Saturday, October 6th, 2007

For most projects, I use PostgreSQL. It’s great, it scales extremely well across multi-core multi-cpu machines, it’s loaded with features, and it handles everything you can throw at it with grace. I also try to maintain respect for MySQL, and the last thing I want to start is a flame war, but dammit, every time I try doing something with MySQL, I run across bugs, things that weren’t thought out, and very unelegant solutions.

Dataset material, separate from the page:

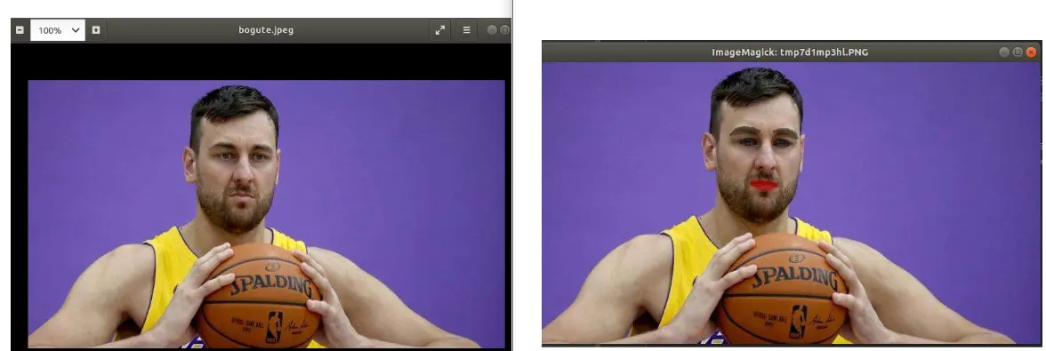 根据以上代码做了,我用实力不行,打球又脏的 "大嘴" 博格特来做演示! 左边是原图,右边是加了美妆后的效果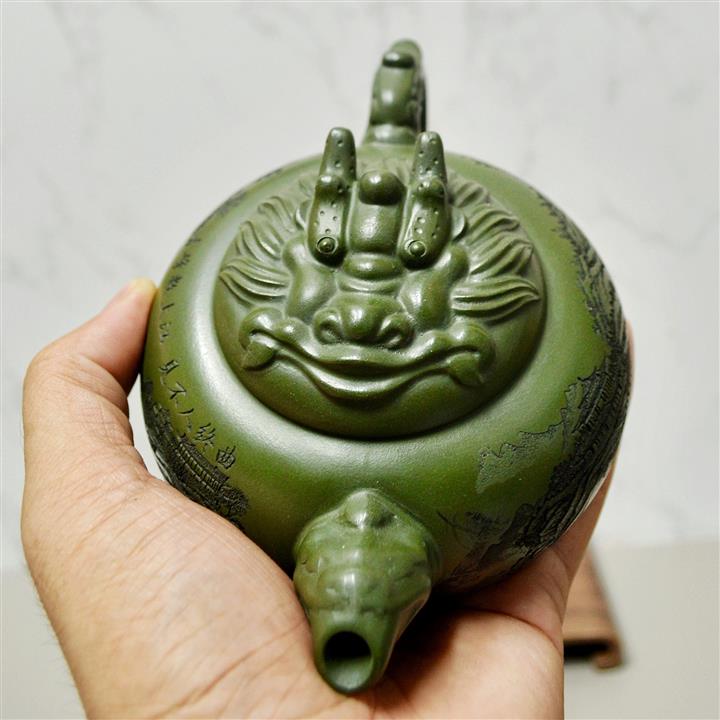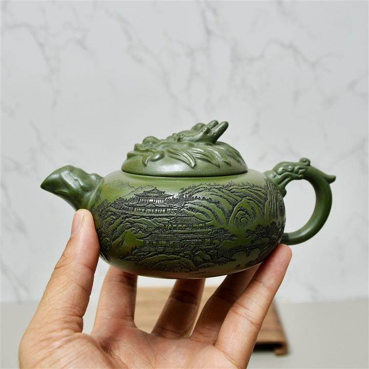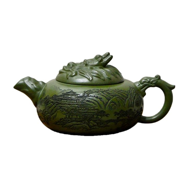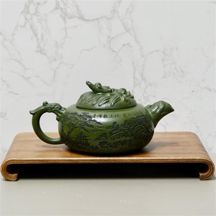250cc原礦綠泥山水獨占鰲頭泡茶壺POT9156

Just for instance, today I was laying out some tables for a MySQL project I’m working on in my spare time, and I came across one of the most retarded things ever: you can’t create a field with “now()” as the default value, unless the field is an actual timestamp (ie., doesn’t work for date, time, etc). Now that wouldn’t be so bad if you could use current_date() for the default value, but apparently MySQL won’t let me do that either.

Here’s the result on MySQL 5.0:

mysql> CREATE TABLE test (d DATE NOT NULL DEFAULT CURRENT_DATE());

ERROR 1064 (42000): You have an error in your SQL syntax; check the manual that corresponds to your MySQL server version for the right syntax to use near ‘CURRENT_DATE())’ at line 1

Update: Comments are disabled due to spamming.

This is why I love PostgreSQL

Saturday, August 18th, 2007

I’ve always loved PostgreSQL ever since I started really playing around with it’s potential. Now I always find myself stumbling upon new tricks and extremely elegant solutions to problems, that would be a pain in the ass to handle on the application side. Here’s a cool little feature I found while working on some logging stuff.

SELECT * FROM stats WHERE age(current_timestamp, created) <= ‘30 minutes’;

Very useful in some situations. I still haven’t found a MySQL equivalent.